=== Section Start ===

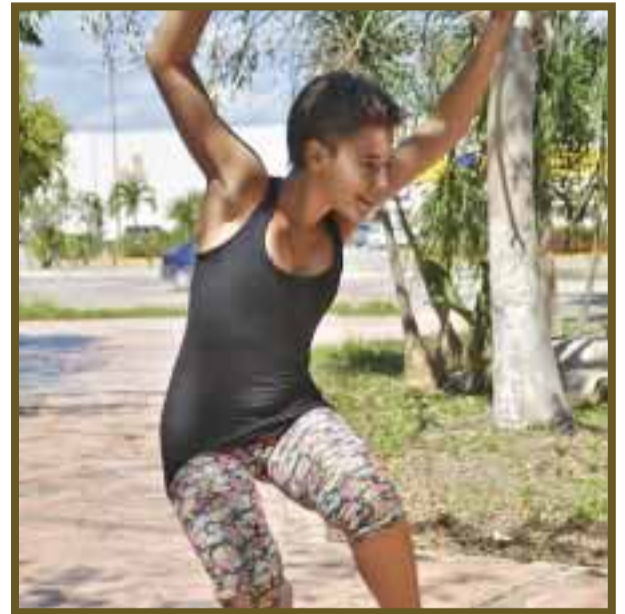
Joven argentina estudia este tipo de ritual para expresar sus sentimientos.
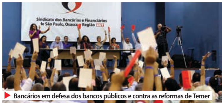
▶ Bancários em defesa dos bancos públicos e contra as reformas de Temer

prioridade do Sindicato. Temos realizado diversas manifestações para alertar a sociedade e envolver cada vez mais segmentos nessa luta”, diz a dirigente.
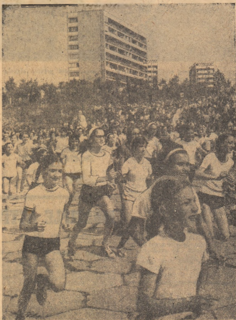
Vacanța, prilej de noi întreceri pentru copii...

=== Section End ===

TASK PROMPT —
Write out the material above exactly; no pictures.

SOLUTION FOR THIS TASK —
Joven argentina estudia este tipo de ritual para expresar sus sentimientos.
▶ Bancários em defesa dos bancos públicos e contra as reformas de Temer

prioridade do Sindicato. Temos realizado diversas manifestações para alertar a sociedade e envolver cada vez mais segmentos nessa luta”, diz a dirigente.
Vacanța, prilej de noi întreceri pentru copii...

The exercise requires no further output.